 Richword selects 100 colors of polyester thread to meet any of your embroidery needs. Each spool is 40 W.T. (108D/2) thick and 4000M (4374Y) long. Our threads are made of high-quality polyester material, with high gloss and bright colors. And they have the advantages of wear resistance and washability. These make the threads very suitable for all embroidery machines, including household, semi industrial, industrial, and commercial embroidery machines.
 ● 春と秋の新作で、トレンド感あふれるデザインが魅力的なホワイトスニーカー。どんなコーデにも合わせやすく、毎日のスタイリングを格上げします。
--
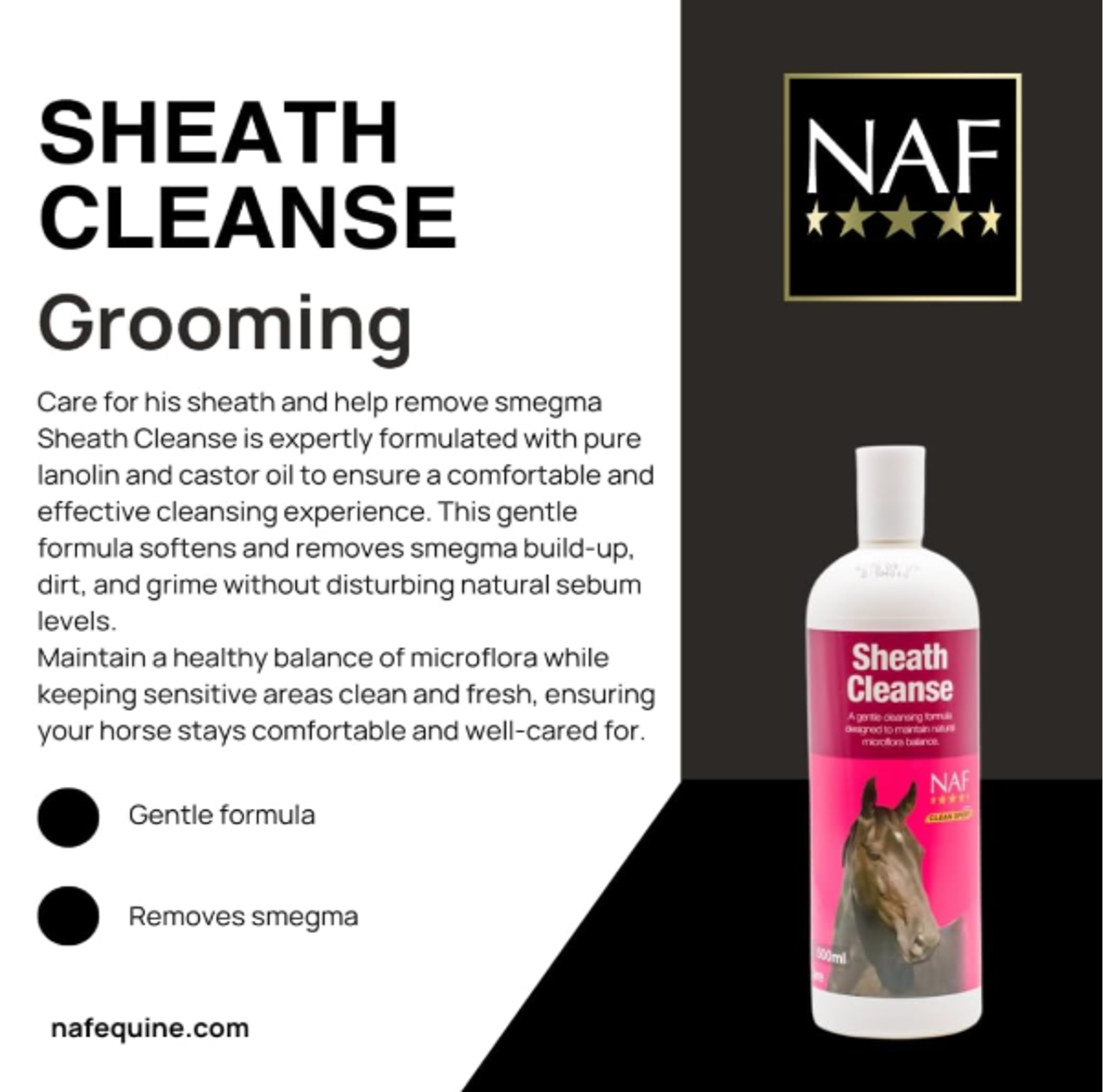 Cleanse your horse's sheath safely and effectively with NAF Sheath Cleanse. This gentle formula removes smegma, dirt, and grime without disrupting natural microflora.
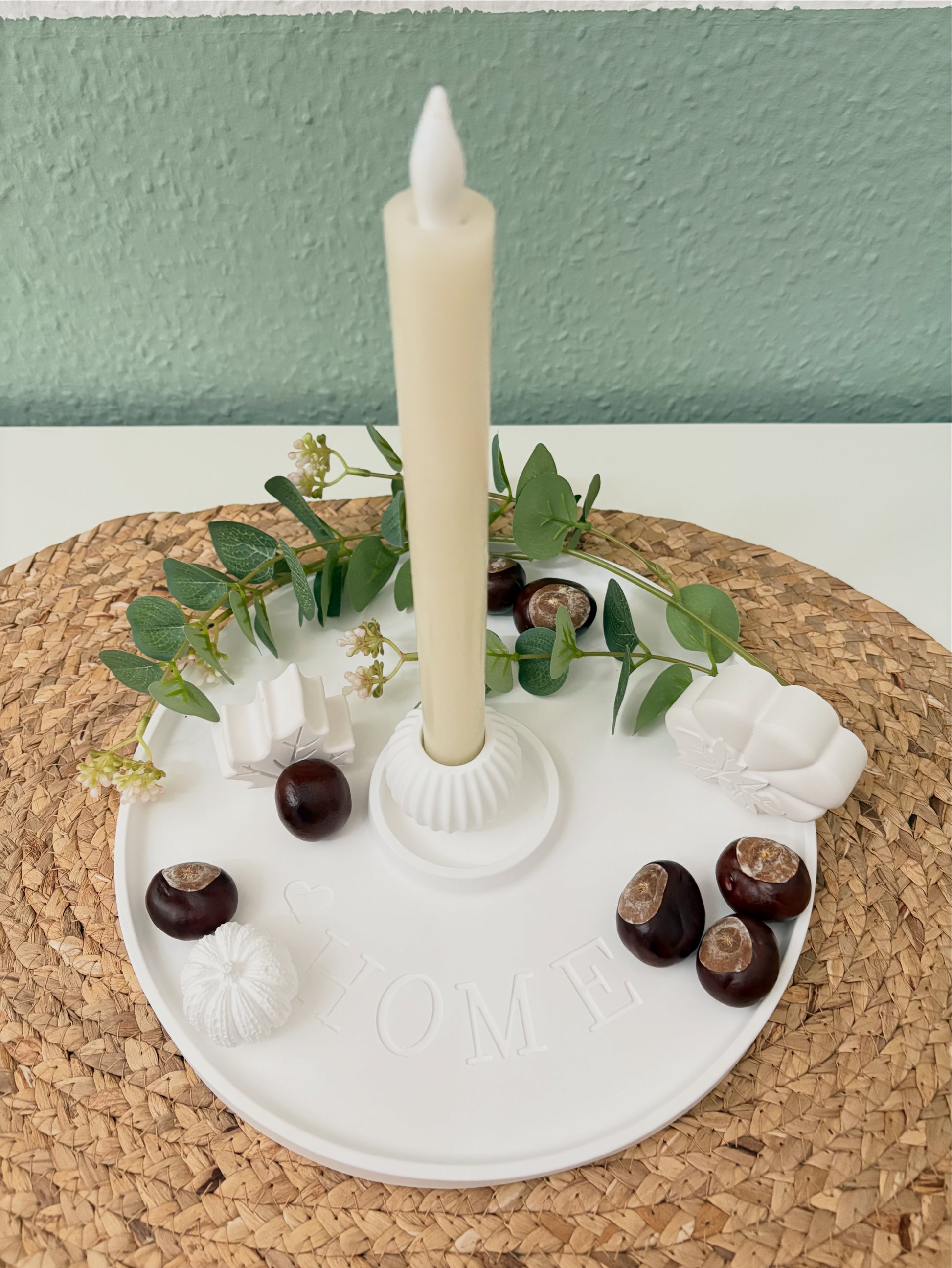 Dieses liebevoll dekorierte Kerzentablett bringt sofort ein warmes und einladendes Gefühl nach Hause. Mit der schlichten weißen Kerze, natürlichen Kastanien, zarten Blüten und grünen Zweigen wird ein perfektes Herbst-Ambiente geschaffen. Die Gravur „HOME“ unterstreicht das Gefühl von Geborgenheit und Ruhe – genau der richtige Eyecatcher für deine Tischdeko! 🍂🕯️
---
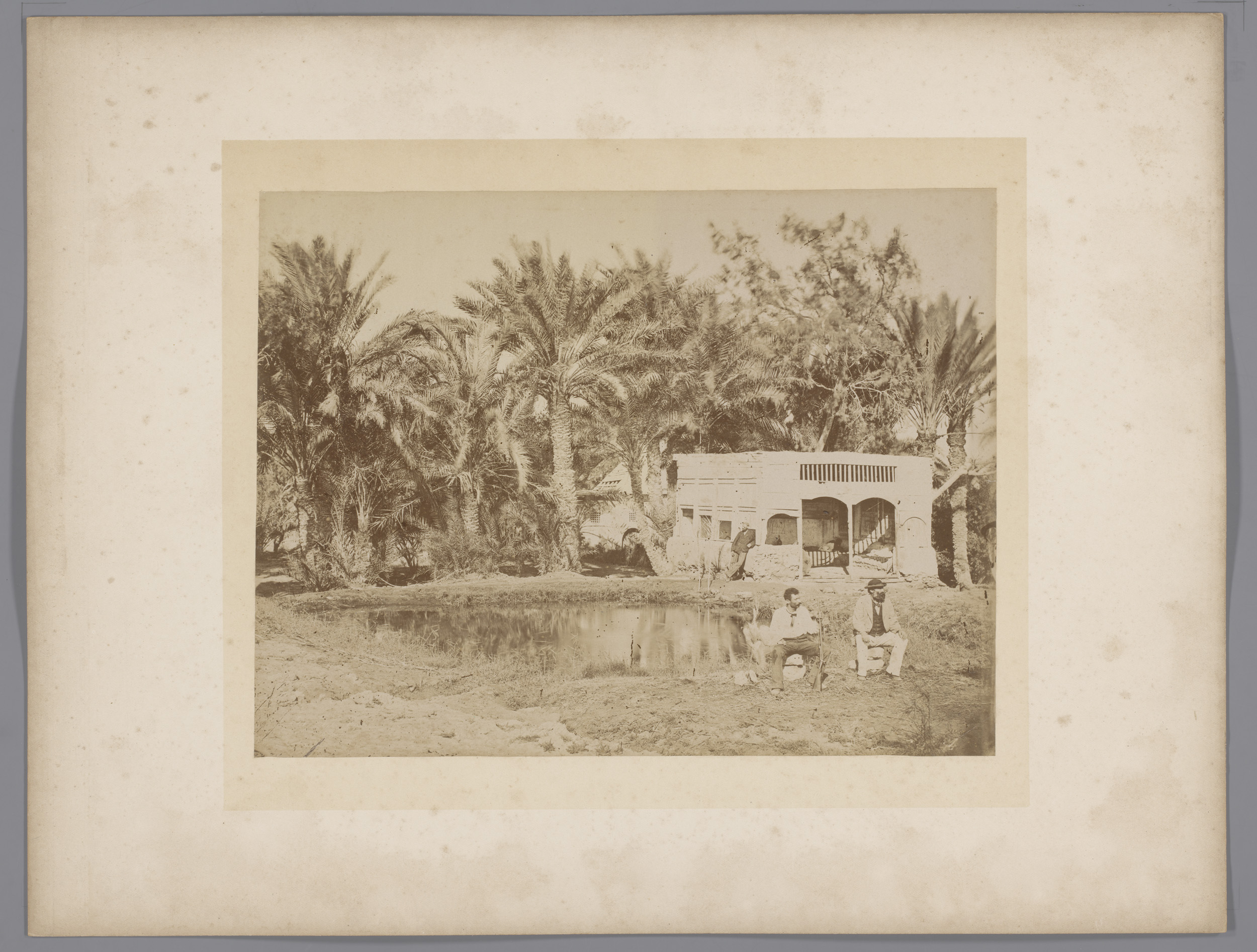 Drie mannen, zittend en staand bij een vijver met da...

- _Task directions_
Above are the records; restate exactly the lines from the one containing "Cleanse your horse's" through the one containing "Dieses liebevoll dekorierte", keeping pictures out.

- _Response_
 Cleanse your horse's sheath safely and effectively with NAF Sheath Cleanse. This gentle formula removes smegma, dirt, and grime without disrupting natural microflora.
 Dieses liebevoll dekorierte Kerzentablett bringt sofort ein warmes und einladendes Gefühl nach Hause. Mit der schlichten weißen Kerze, natürlichen Kastanien, zarten Blüten und grünen Zweigen wird ein perfektes Herbst-Ambiente geschaffen. Die Gravur „HOME“ unterstreicht das Gefühl von Geborgenheit und Ruhe – genau der richtige Eyecatcher für deine Tischdeko! 🍂🕯️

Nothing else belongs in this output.